Background technology
In recent years, the continuous development of organizational project provides sound assurance for the health of the mankind, wherein, timbering material is made
To condense the road that the most ring of the wisdom of humanity experienced many decades and move towards bionical structure in organizational project.A variety of
In the technology for preparing timbering material, electrostatic spinning technique can prepare the nanofiber of microstructure bionic extracellular matrix because of it
And it is widely used in field of tissue engineering technology.But because electrostatic spinning technique is difficult to construct three-dimensional manometer undulation degree
Expect and its application is restricted again.
Three-dimensional manometer fibrous material can not be obtained by simply increasing the sample preparation time, can only cause the hole of sample
Gap rate declines, and over time, receiver is caused electric conductivity to decline and then receiving efficiency is declined most by fiber covering
Spinning is caused to fail eventually.Following four can be substantially divided into by preparing the method for three-dimensional structure by electrostatic spinning technique at present.(1)

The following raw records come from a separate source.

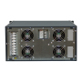 На передней панели устройства расположены четыре светодиодных индикатора («Сеть», «Выход», «Байпас», «Авария») и цифровой ЖК-дисплей для просмотра параметров работы (состояния входной и выходной сети, мощности нагрузки, температуры внутри стабилизатора и др.) и конфигурации, в том числе выбора значения выходного напряжения и режима работы (стандартный, ECO/байпас). Для подключения к сети электропитания и подключения нагрузки используются клеммная колодка и вводной автомат, расположенные на задней панели стабилизатора. Там же находятся два слота для опциональной установки карт мониторинга.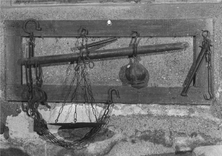 Bilance manuali di ferro con i piatti e peso sostenuto da un bastone di legno tornito e da un gancio di ferro.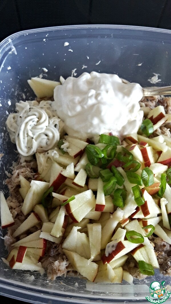 С копченой скумбрии содрать шкурку, освободить от головы, плавников и хвоста. Разделить по хребту пополам и освободить от всех видимых костей. Размять мясо вилкой. Оставшиеся косточки хорошо видны, их легко убрать, но даже если что-то и останется - косточки у скумбрии мягкие, это не карп.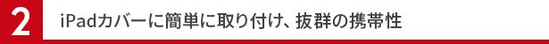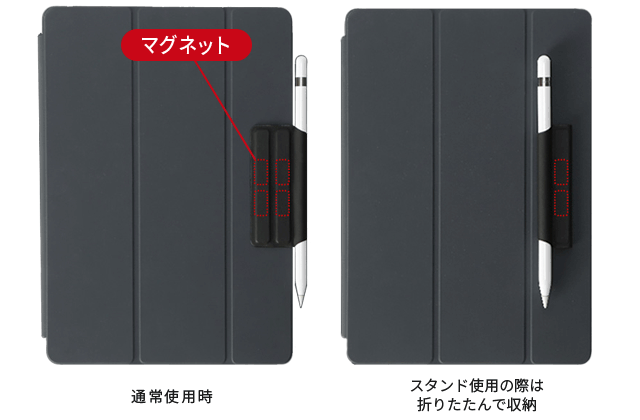 iPad カバーをスタンドにして使う時にはペンシルホルダーを簡単に折りたためる仕組みなので、邪魔にならず、すっきりと収納できます。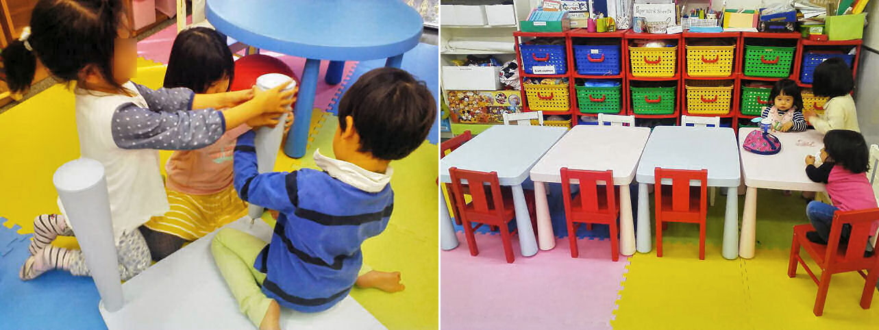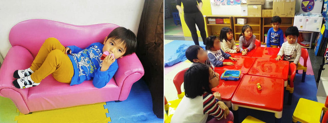 こちらはソファーの寝心地を確認しているところ。ぐっすり眠れそうかな? また、今回はベビークラス用の机と椅子も新調しましたが・・・試運転しているのは年上組の面々。こちらも気に入ってもらえたようです。

Continuous electro-spinning or multilayer electrospinning.Thin layer fiber is prepared by the way of similar two dimensional surface electrospinning, is then entered by parameter regulation
Row continuous electro-spinning.Make that the three-dimensional porous structure that thickness is hundreds of microns can be prepared in this way.(2)By to preparation
Fibrous material is post-processed, such as is folded, crimps or be layering, and constructs three-dimensional structure.(3)There is three-dimensional by design
The receiver of structure replaces the planar receiver of two dimension to prepare nanofiber to obtain three-dimensional structure as template.(4)It is logical
Cross the parameter for changing electrostatic spinning(Such as electric-field intensity, solution concentration and relative humidity)Come realize the rapid accumulation of silk fiber or
Assemble to obtain three-dimensional structure.

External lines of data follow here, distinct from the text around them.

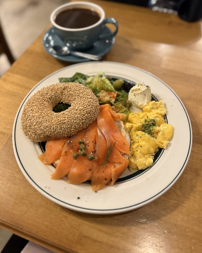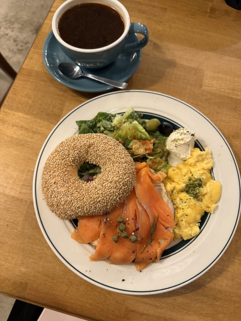 たっぷりのサーモンとクリームチーズが、ベーグルとの相性抜群!スクランブルエッグとサラダも付いており、ボリュームも満点です!
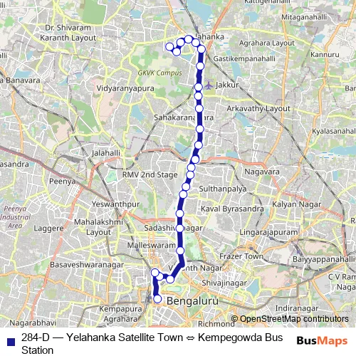 The first stop of the 284-D bus route is Yelahanka Satellite Town and the last stop is Kempegowda Bus Station. 284-D (Yelahanka Satellite Town ⇔ Kempegowda Bus Station) is operational during everyday.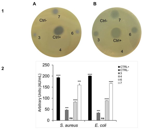 Bacterial growth inhibition: the inhibition halo of samples 3, 4, 6, and 7 (panel 1) against (A) S. aureus and (B) E. coli. The positive control is ampicillin; the negative control is dimethyl sulfoxide. Panel 2 reports arbitrary units in milliliters for both bacterial strains. The assays were performed in three independent experiments (n = 3). Statistical analysis was performed using a two-tailed paired t-test (ns is not significant, *** p ≤ 0.005, **** p ≤ 0.001) versus the negative control.

But under may be because operation difficulty greatly using these methods one side and then causing efficiency relatively low;The opposing party
Face, processing procedure can destroy the bionical characteristic of the original microstructure of Electrospun nano-fibers to a certain extent, and can not shape
Into macroscopic view-microcosmic multistage composite insertion pore structure, so as to which required three-dimensional microenvironment can not be provided for cell.Therefore, how
The three-dimensional manometer fiber that multistage composite insertion pore structure is effectively prepared using electrospinning is current urgent problem to be solved.
The content of the invention
It is an object of the invention to overcome the shortcomings of that fast and effective three-dimensional manometer fiber can not be built by electrospinning now, carry
For a kind of three dimensional patterned Fe3O4/ medical macromolecular materials composite nano fiber and preparation method thereof, this method are based on Static Spinning
Silk technology, it is efficiently quick in the case where not introducing other complex technologys and post processing to prepare tool multistage composite insertion pore structure
Three-dimensional rack, i.e. electrospinning composite magnetic nanofiber, under magnetic fields, fast pattern and three-dimensional structure.
The purpose of the present invention is achieved through the following technical solutions.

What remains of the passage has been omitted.